General characteristics
- Displacement: 21,880 tons full; 5,532 tons light;
- Length: 524 ft (160 m)
- Beam: 68 ft (21 m)
- Draft: 30 ft (9 m)
- Propulsion: Turbo-electric, single screw,; 6,000 hp (4.5 MW);
- Speed: 16.5 knots (31 km/h)
- Complement: 52 mariners

= USNS Mission Loreto =

Ship built in 1944

SS Mission Loreto was a Type T2-SE-A2 tanker built for the United States Maritime Commission during World War II. After the war she was acquired by the United States Navy as USS Mission Loreto (AO-116). Later the tanker transferred to the Military Sea Transportation Service as USNS Mission Loreto (T-AO-116). She was a and was named for Misión de Nuestra Señora de Loreto Conchó, located in Loreto, Baja California Sur, Mexico, considered the "Head and Mother of all the California Missions."

== Career ==
Mission Loreto was laid down on 27 April 1944 under a Maritime Commission contract by Marine Ship Corporation, Sausalito, California; launched 28 June 1944; sponsored by Mrs. S. D. Bechtel; and delivered 22 July 1944. Operated, under charter, by Los Angeles Tanker Operators Inc., she spent the remainder of the War transporting fuel to Allied forces in the western Pacific, during which time she was awarded the National Defense Service Medal. She continued in these duties until 26 April 1946 when she was returned to the Maritime Commission and laid up in the Maritime Reserve Fleet at Mobile, Alabama.

Acquired by the Navy on 20 November 1947, she was placed in service with Naval Transportation Service on the same date as Mission Loreto (AO-116).

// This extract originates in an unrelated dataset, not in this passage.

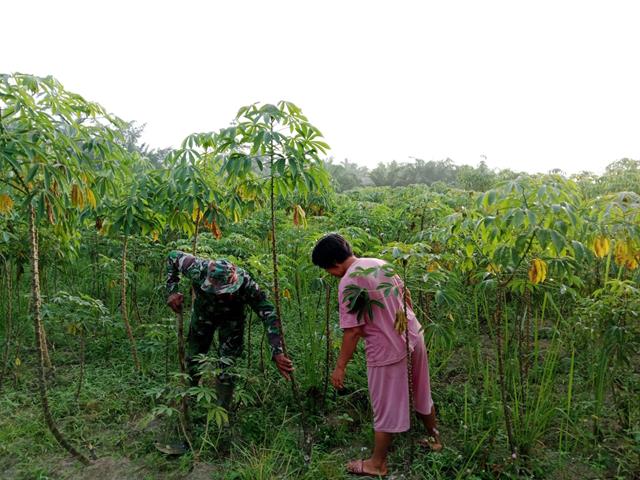 Dalam rangka untuk memelihara dan menjalin hubungan baik Antara Babinsa dan Petani, untuk meningkatkan rasa kepedulian terhadap masyarakat pada umumnya dan untuk menciptakan Kemanunggalan TNI dengan Rakyat, bersama masyarakat melaksanakan pendampingan ketahanan pangan (Hanpang) jenis tanaman Ubi kayu agar tetap terawat dan membersihkan tanaman supaya hasilnya lebih baik dan menguntungkan, kegiatan tersebut dilaksanakan untuk membantu Bapak Sumarno membersihkan gulma rumput yg tumbuh disekitaran tanaman ubi kayu miliknya, dengan harapan supaya dapat memperoleh hasil panen ubi yang memuaskan, selain itu juga Babinsa bertukar pikiran dengan Bapak Sumarno bagaimna cara menanam dan merawat ubi yang baik sekaligus melaksanakan silaturahmi dengan para petani di desa binaan, kegiatan ini bertujuan untuk saling membantu antara Babinsa dengan wargabinaannya sehingga tercipta hubungan dan kerjasama yang baik sehingga TNI semakin di Cintai Rakyat.

On 1 October 1949 she was still performing these duties, but was under control of the new Military Sea Transportation Service and was designated USNS Mission Loreto (T-AO-116). She continued in these duties until 25 August 1955 when she was struck from the Naval Vessel Register and transferred to the Maritime Administration for lay up in the Maritime Reserve Fleet at Beaumont, Texas.

Reacquired by the Navy 25 June 1956 she was placed in service with MSTS on the same date and served until 13 July 1959 when she was once again returned to the Maritime Administration and laid up in the Maritime Reserve Fleet at Suisun Bay, California.

The ship was scrapped in Portland, Oregon in September 1975.